Monday, 22 April 2024

Ringstonhurst, North Howden

 It's now three weeks after Easter - and it is still cold and wet. Local farmers cannot get on to the land and are desperate for some warm dry days. Here in the garden the raised beds are still wet and claggy and nowhere near in a fit state for planting. But I have got some plants going in the greenhouse and some potatoes chitting in a tray. We are so dependent on the weather despite all our modern technology.

Last week I went to an interesting talk by Gary Tavender of the Howdenshire Archaeology Society. He talked of the various projects the group was interested in and mentioned the site of Ringston[e]hurst near North Howden station. It is a place I have long been fascinated by and so I came home to see what I could find.

Aerial and drone surveys and old maps show what appears to be a square moat on the site which was originally just on the boundary of the Bishop of Durham's park - the origin of Park Farm - where he had deer and other game for sport.



This 1910 OS map shows Ringstonhurst not far from the station with
the inverted U shape to the left being the park boundary

                Below is an aerial view from the 1970s with Mulberry House/now Northgate House in the background



Early records suggest that between 1200 and 1208  the bishop of Durham was granted permission to construct a park north of Howden where he and his friends went hunting, mainly deer.  In medieval times the bishops had a hunting lodge at Ringstonhurst where a gamekeeper/ park keeper lived. Bishop Tunstall in 1548 mentioned the lodge as being occupied by the keeper of the park although by 1561 the lodge, described as being at the parke gate was reported to be in disrepair.

We know too that this one and a half acre/ two acre site also included a chapel dedicated to St Mary where a hermit lived. In 1332 Simon of Lynne, a chaplain, had a licence to collect donations for his maintenance.

In 1391 John de Hay of Spaldington left 3s 4d in his will to Robert of Shackerstone hermita de Ryngstanhyrste

Bishop Fox in 1495 issued an indulgence to those who undertook a pilgrimage to pray at the chapel or hermytage of St Mary Magdalene at Howden or went there to hear mass. 

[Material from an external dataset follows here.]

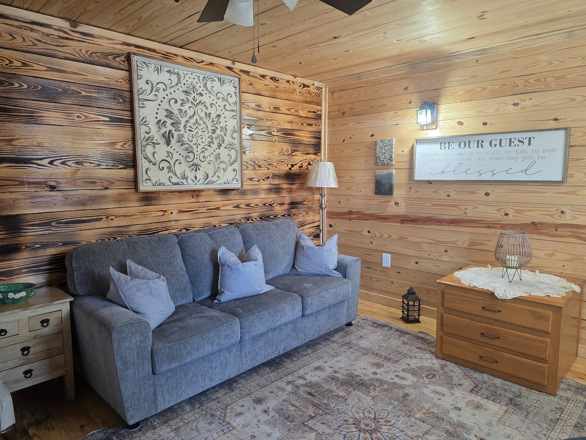Este apartamento estúdio foi concluído em 2023. Ele dispõe de cozinha completa com cafeteira Keurig, cama king size, futon queen size e TV de 65". Do lado de fora, há um deck privado com churrasqueira a gás e mesa no pátio. Está localizado a 3,3 milhas do centro de Blacksburg. A arte nas paredes é feita por artistas locais. Entrada sem chave. Estacionamento em cascalho ao lado do prédio. Os proprietários moram no local em um prédio separado. Observação: é necessário subir um curto lance de escadas para ter acesso ao edifício.

In 1501 he granted a penny a day to John Richardson, a Franciscan friar and hermit who was to 'locate himself within the chapel of the manor of Howdenshire called Ringstonehurst'

Ringstonhurst was the site of the muster of Howdenshire people when they marched with Robert Aske in the Pilgrimage of Grace in 1536. This probably referrred to the whole North Howden area.

But in 1564 with the Reformation the chapel was 'suppressed' and the site granted to non religious owners. By the seventeenth century it was owned by Sir Philip Monckton of Caville who bought it in 1610.

In the Howden parish records there are mentions of births marriage and deaths of families who lived in houses at Ringstonhurst.  For example  there were 10 burials of people between 1570 and 1590. The latest burial I can find is 1658 when Thomas Bell, son of John of Ringstone hurst, was buried.

Local people know where the site is [on private land] and recall that in 1947 when the area was flooded  the remains of the moat were flooded but an area inside it stood slightly higher above the water. Also it is said the large stones and pieces of glass have all been turned up when the field has been ploughed.

Incidentally on the OS map above and also on the aerial photo you can see Mulberry House, now renamed. I have had a quick look at its history.

The earliest occupant I found was a Robert Fields who died in 1880. 

But perhaps the most interesting was the Whitfield family. George Whitfield was living there in 1901. He was living with his elderly mother while on census night his wife and daughter were with her parents in Market Weighton. George was the retired chief constable of York while his wife was a talented photographer. 

He and his family later ran the Londesborough Arms in Selby. His mother continued to live at North Howden and died in 1913.

I found this from a newspaper of 1904

 Mrs Whitfield, Mulberry House, Howden, well known throughout the district as a successful photographer, has just received another appreciation of her ability, having been specially commanded by the Prince and Princess of Wales to proceed to Harewood House, the seat of the Earl and Countess of Harewood to take photographs of their Royal Highnesses and the distinguished house party. Not only did Mrs Whitfield take several photographs of the whole party, but their Royal Highnesses granted her other opportunities of photographing them, and the Prince conversed with Mrs Whitfield for some time, congratulating her upon the success of her work.